The Greater Texas Cultural Education Facilities Finance Corporation sold $120.7 million in bonds to finance a new laboratory for biomedical research.
The corporation issued $98.6 million in tax-exempt bonds and $22.1 million in taxable bonds. The tax-exempt bonds mature between 2037 and 2054, yielding between 3.98% and 4.67%. The taxable bonds mature in 2037 and yield 6.41%. The securities received a rating of Baa2 from Moody’s Investors Service.
The corporation will loan the bond proceeds to the nonprofit Texas Biomedical Research Institute.

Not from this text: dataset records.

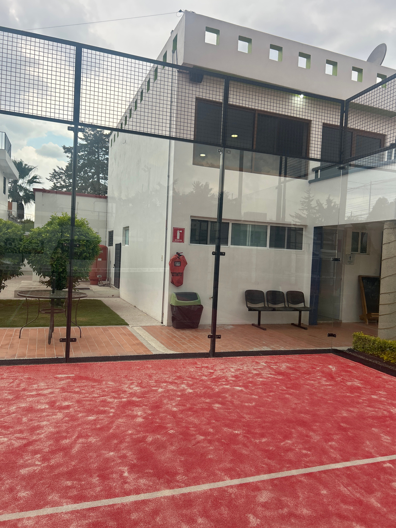 The image shows a paddle tennis court in Puebla, Mexico. The court is red with white lines. Adjacent to the court, there is a building with a white facade, metal mesh fencing, and glass panels. The bu…read more
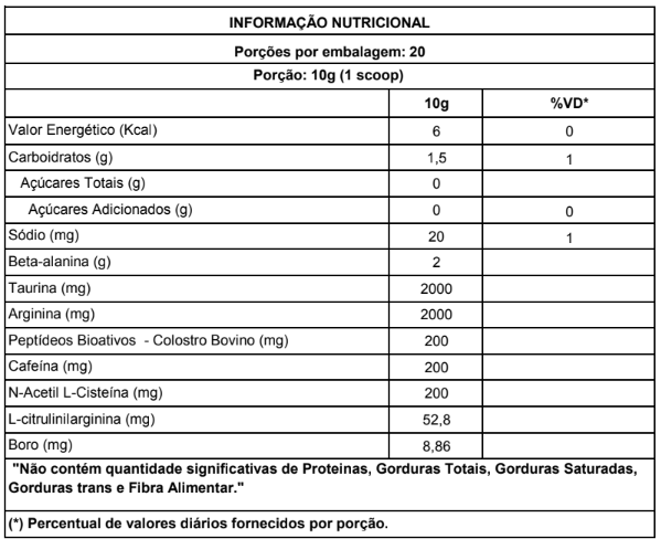 Beta-alanina, Taurina, Arginina, Colostro Bovino Integral (peptídeos bioativos), Alga Chondrus Crispus Invernal (L-citrulinilarginina), N-Acetil L-Cisteína, Cafeína, Tetraborato de sódio decahidratado (Boro), Isomaltulose (PalatinoseTM), Acidulante Ácido Cítrico, Antiumectante Dióxido de Silício e Estearato de Magnésio, Corante artificial amarelo crepúsculo, Aroma natural e idêntico ao natural, Edulcorante Sucralose e Espessante Goma Xantana.
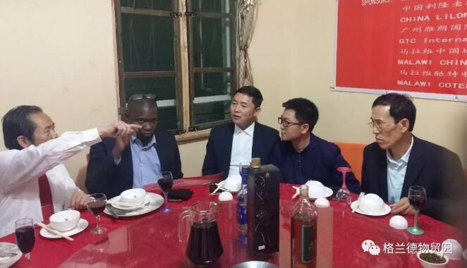 本次活动获得了布兰太尔市政府的大力支持,公司领导同布兰太尔市长威尔德、中资各企业相关领导在中国大饭店共进晚宴,洽谈合作,合影留念。

Moody’s downgraded the institute from Baa1. The downgrade was “driven by the substantial increase in leverage introduced by its 2024 bond series,” Moody’s analysts wrote.
The institute will use the bond proceeds to build a new research laboratory that is expected to open in 2029.
Texas Biomed is one of seven National Primate Research Centers sponsored by the National Institutes of Health. It is the only such center that operates at Biosafety Level Four, the highest safety level, so it is responsible for studying the most dangerous microbes and their impact on primates—a common biological model for human diseases.
The bonds are special, limited obligations of the Greater Texas Cultural Education Facilities Finance Corporation and unsecured general obligations of Texas Biomed.
BofA Securities, Inc served as lead underwriter on the issuance, purchasing the bonds for $125 million. PFM Financial Advisors LLC acted as municipal advisor.